Stored records:
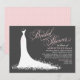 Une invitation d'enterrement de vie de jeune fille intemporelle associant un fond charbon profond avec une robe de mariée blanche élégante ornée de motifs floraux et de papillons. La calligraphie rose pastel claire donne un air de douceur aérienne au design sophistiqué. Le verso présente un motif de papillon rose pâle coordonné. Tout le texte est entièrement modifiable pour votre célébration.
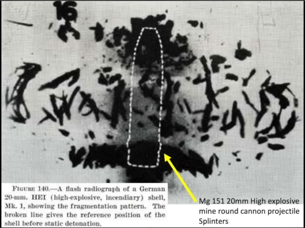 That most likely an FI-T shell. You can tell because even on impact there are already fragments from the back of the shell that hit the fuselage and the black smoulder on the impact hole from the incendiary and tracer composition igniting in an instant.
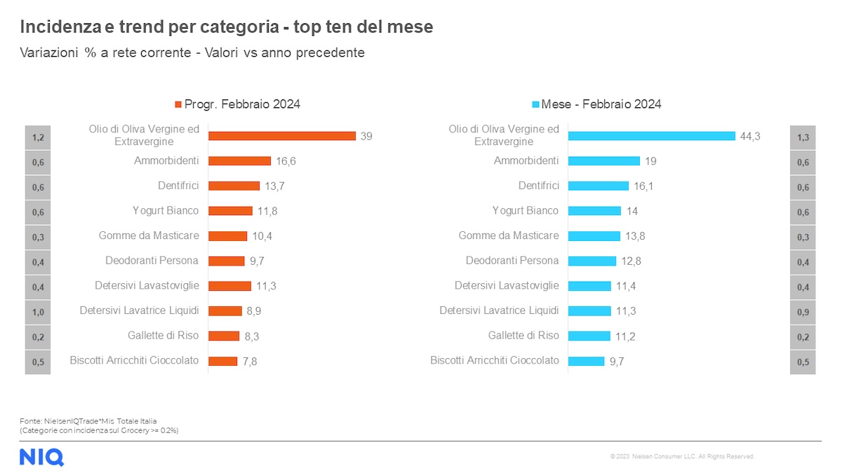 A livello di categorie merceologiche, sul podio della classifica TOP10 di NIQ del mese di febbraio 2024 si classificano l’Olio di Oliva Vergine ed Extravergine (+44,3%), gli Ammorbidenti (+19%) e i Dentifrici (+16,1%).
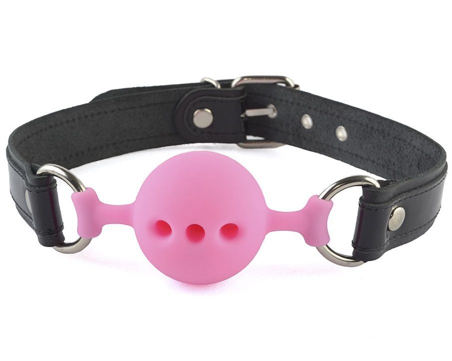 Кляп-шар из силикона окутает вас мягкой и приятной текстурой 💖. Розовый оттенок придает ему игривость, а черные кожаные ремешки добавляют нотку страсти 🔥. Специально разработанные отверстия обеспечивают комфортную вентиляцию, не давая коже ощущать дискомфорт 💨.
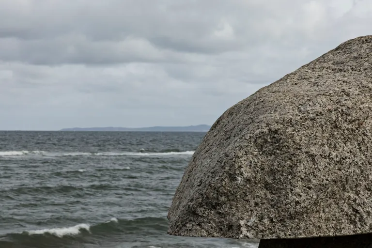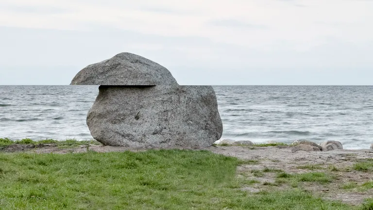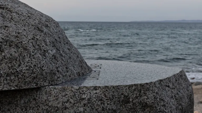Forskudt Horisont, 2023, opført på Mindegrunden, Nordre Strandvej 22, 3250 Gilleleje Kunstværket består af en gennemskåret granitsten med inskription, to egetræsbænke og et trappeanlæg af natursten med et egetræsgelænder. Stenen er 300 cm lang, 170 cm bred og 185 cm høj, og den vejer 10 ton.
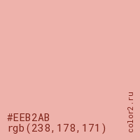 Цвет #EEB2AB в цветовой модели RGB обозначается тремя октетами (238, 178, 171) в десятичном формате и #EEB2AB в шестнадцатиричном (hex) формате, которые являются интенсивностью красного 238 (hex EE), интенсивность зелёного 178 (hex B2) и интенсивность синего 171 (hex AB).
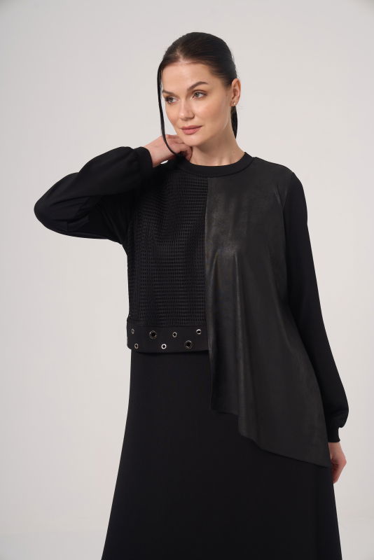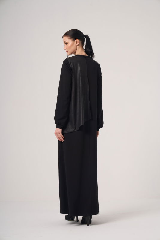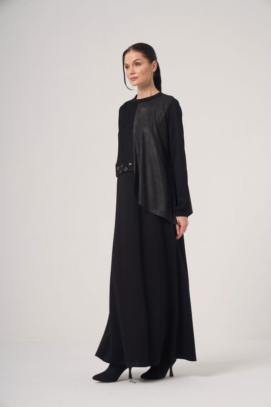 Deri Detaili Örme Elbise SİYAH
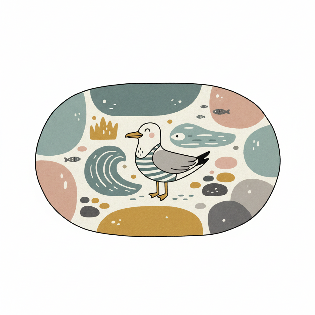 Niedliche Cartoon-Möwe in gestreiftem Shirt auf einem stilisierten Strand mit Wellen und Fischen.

*To do:* Using the records above, output an exact copy without any pictures.

*Result of the exercise:*
 Une invitation d'enterrement de vie de jeune fille intemporelle associant un fond charbon profond avec une robe de mariée blanche élégante ornée de motifs floraux et de papillons. La calligraphie rose pastel claire donne un air de douceur aérienne au design sophistiqué. Le verso présente un motif de papillon rose pâle coordonné. Tout le texte est entièrement modifiable pour votre célébration.
 That most likely an FI-T shell. You can tell because even on impact there are already fragments from the back of the shell that hit the fuselage and the black smoulder on the impact hole from the incendiary and tracer composition igniting in an instant.
 A livello di categorie merceologiche, sul podio della classifica TOP10 di NIQ del mese di febbraio 2024 si classificano l’Olio di Oliva Vergine ed Extravergine (+44,3%), gli Ammorbidenti (+19%) e i Dentifrici (+16,1%).
 Кляп-шар из силикона окутает вас мягкой и приятной текстурой 💖. Розовый оттенок придает ему игривость, а черные кожаные ремешки добавляют нотку страсти 🔥. Специально разработанные отверстия обеспечивают комфортную вентиляцию, не давая коже ощущать дискомфорт 💨.
Forskudt Horisont, 2023, opført på Mindegrunden, Nordre Strandvej 22, 3250 Gilleleje Kunstværket består af en gennemskåret granitsten med inskription, to egetræsbænke og et trappeanlæg af natursten med et egetræsgelænder. Stenen er 300 cm lang, 170 cm bred og 185 cm høj, og den vejer 10 ton.
 Цвет #EEB2AB в цветовой модели RGB обозначается тремя октетами (238, 178, 171) в десятичном формате и #EEB2AB в шестнадцатиричном (hex) формате, которые являются интенсивностью красного 238 (hex EE), интенсивность зелёного 178 (hex B2) и интенсивность синего 171 (hex AB).
 Deri Detaili Örme Elbise SİYAH
 Niedliche Cartoon-Möwe in gestreiftem Shirt auf einem stilisierten Strand mit Wellen und Fischen.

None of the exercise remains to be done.